**SUPPLIED DATA**

------------------------------------------------------------

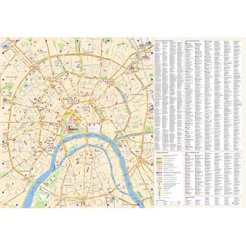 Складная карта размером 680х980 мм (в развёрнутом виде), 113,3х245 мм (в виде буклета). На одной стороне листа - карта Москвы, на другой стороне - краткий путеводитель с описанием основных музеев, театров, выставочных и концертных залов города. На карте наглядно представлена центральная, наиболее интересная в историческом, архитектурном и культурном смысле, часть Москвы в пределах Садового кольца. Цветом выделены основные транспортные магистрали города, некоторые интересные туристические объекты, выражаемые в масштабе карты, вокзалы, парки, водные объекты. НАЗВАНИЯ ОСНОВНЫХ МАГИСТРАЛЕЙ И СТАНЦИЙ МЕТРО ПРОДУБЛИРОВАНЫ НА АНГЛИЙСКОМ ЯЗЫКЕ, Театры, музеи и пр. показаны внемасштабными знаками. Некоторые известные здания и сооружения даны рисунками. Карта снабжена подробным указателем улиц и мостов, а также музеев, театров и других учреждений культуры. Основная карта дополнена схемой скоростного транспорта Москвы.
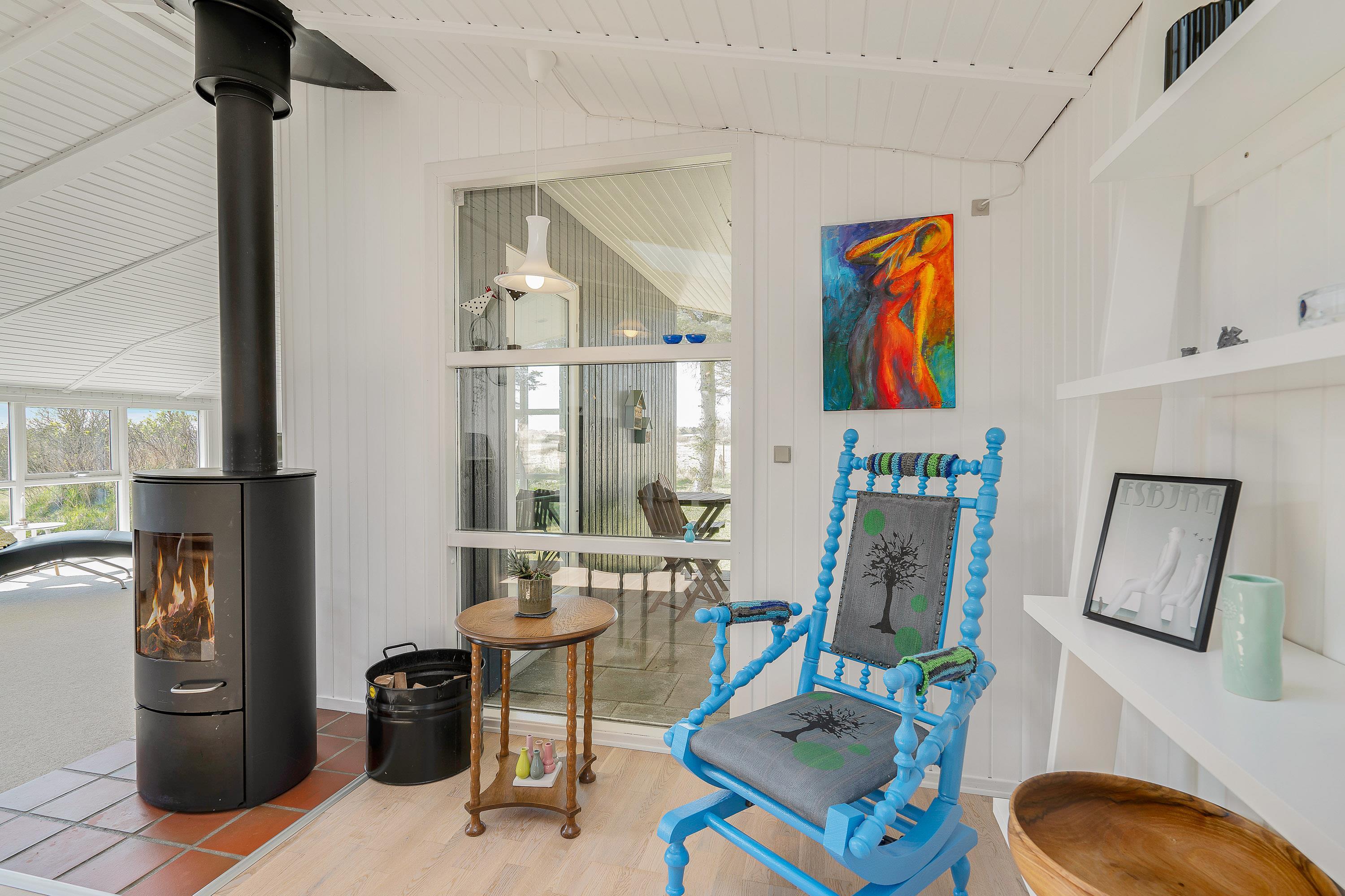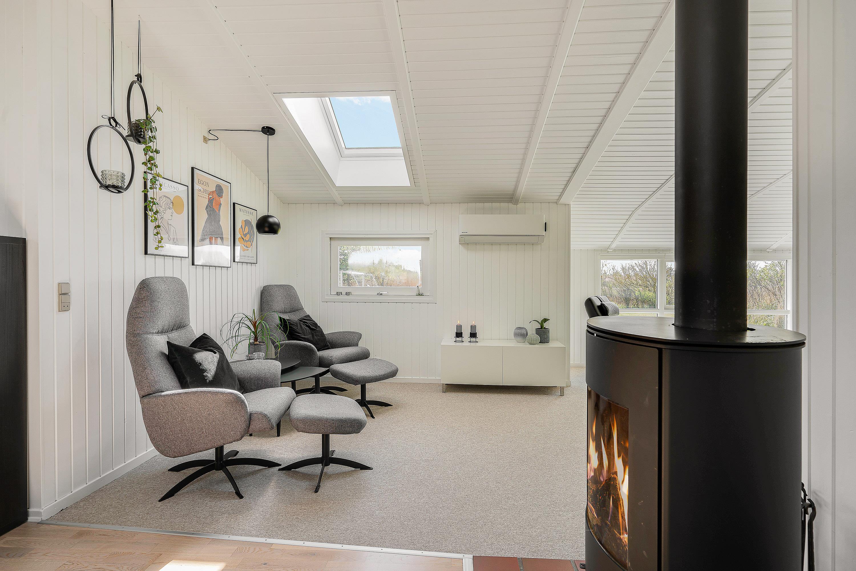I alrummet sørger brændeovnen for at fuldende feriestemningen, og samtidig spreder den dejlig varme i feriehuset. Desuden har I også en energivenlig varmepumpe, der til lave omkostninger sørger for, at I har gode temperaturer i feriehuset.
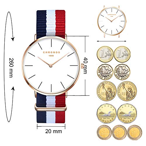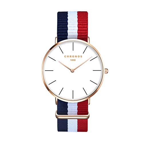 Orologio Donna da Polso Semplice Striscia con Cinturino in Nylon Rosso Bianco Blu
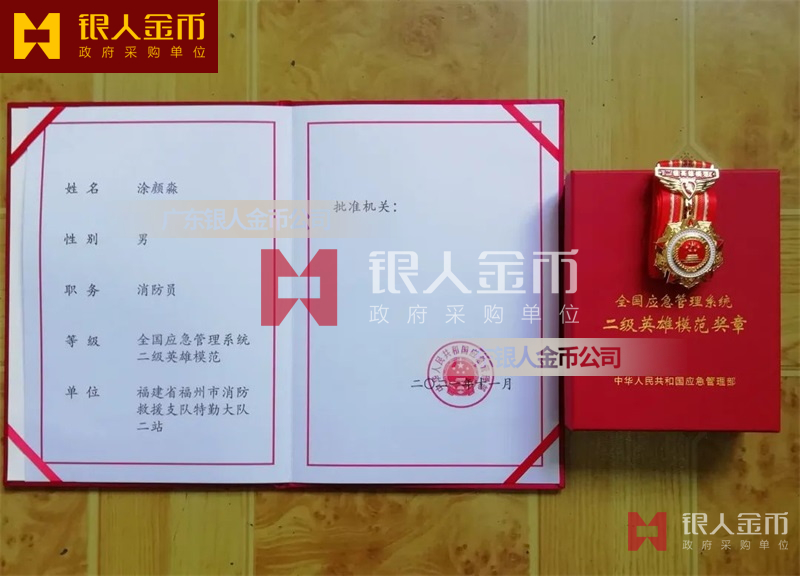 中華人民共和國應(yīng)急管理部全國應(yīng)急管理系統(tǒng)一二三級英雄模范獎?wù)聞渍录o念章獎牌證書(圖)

------------------------------------------------------------

**GOAL OF THE EXERCISE**
All the material above should be written out exactly, with images omitted.

**SOLUTION FOR THIS TASK**
 Складная карта размером 680х980 мм (в развёрнутом виде), 113,3х245 мм (в виде буклета). На одной стороне листа - карта Москвы, на другой стороне - краткий путеводитель с описанием основных музеев, театров, выставочных и концертных залов города. На карте наглядно представлена центральная, наиболее интересная в историческом, архитектурном и культурном смысле, часть Москвы в пределах Садового кольца. Цветом выделены основные транспортные магистрали города, некоторые интересные туристические объекты, выражаемые в масштабе карты, вокзалы, парки, водные объекты. НАЗВАНИЯ ОСНОВНЫХ МАГИСТРАЛЕЙ И СТАНЦИЙ МЕТРО ПРОДУБЛИРОВАНЫ НА АНГЛИЙСКОМ ЯЗЫКЕ, Театры, музеи и пр. показаны внемасштабными знаками. Некоторые известные здания и сооружения даны рисунками. Карта снабжена подробным указателем улиц и мостов, а также музеев, театров и других учреждений культуры. Основная карта дополнена схемой скоростного транспорта Москвы.
I alrummet sørger brændeovnen for at fuldende feriestemningen, og samtidig spreder den dejlig varme i feriehuset. Desuden har I også en energivenlig varmepumpe, der til lave omkostninger sørger for, at I har gode temperaturer i feriehuset.
 Orologio Donna da Polso Semplice Striscia con Cinturino in Nylon Rosso Bianco Blu
 中華人民共和國應(yīng)急管理部全國應(yīng)急管理系統(tǒng)一二三級英雄模范獎?wù)聞渍录o念章獎牌證書(圖)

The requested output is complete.